This entry was posted on Thursday, March 20th, 2008 at 10:55 am and is filed under Dramedy, Movie Reviews, NEW ON VIDEO, S. You can follow any responses to this entry through the RSS 2.0 feed. Both comments and pings are currently closed.
Director: Richard Kelly
Starring: Dwayne Johnson, Seann William Scott, Sarah Michelle Gellar, Mandy Moore, Justin Timberlake, Nora Dunn, John Larroquette
Donnie Darko fans rejoice! For the master has returned with another strange (but not as strange), surreal feature that is as sure to collect cult fans as my copy of Donnie Darko is to collect dust. Just kidding. I don’t own a copy. Whatever, your opinion is of writer/director Richard Kelly, you have to agree that he has two things: his own sense of style, and legions of ready-to kill-for-him fans. This film is light-handed, but very surreal and packs a pretty obvious political message that guarantees you won’t find a copy at George Bush’s White House. There are more familiar faces here than at a high school reunion, so the acting is outstanding. There is so much going on in Southland Tales that maybe one viewing isn’t a fair evaluation of its quality. I’m going to evaluate it, anyway, as a waste of time for non-Darko fans. Darko fans, enjoy and feel free to dismiss the rest of us as unimaginative dullards who “just don’t get it”.

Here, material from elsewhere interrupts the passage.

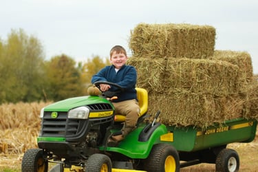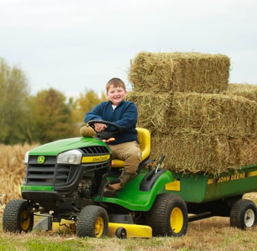Pictured right: Our son, Boyd, who would rather drive the tractor than play with horses (if you know, you know).

Southland tales starts out with a description of a very different America, locked up with rapidly deteriorating freedom by an overzealous, terrorism-fueled right, where the left is turning militant in its opposition. When action star, and right supporter, Boxer Santaros (The Rock, who continues to improve) goes mysteriously missing, it serves as a trigger for all kinds of action. He’s not missing for us though. We know he has partial amnesia and is living with a porn star named Krista Now (Sarah Michelle Gellar) while he plans a new movie, but his new friends have some plans of their own.
Southland Tales is a highly political satire about the dangers of letting fear stop us from defending our precious freedoms. I like the message, but the film is not my cup of cappuccino. I found it overly complicated and the metaphors make me tired.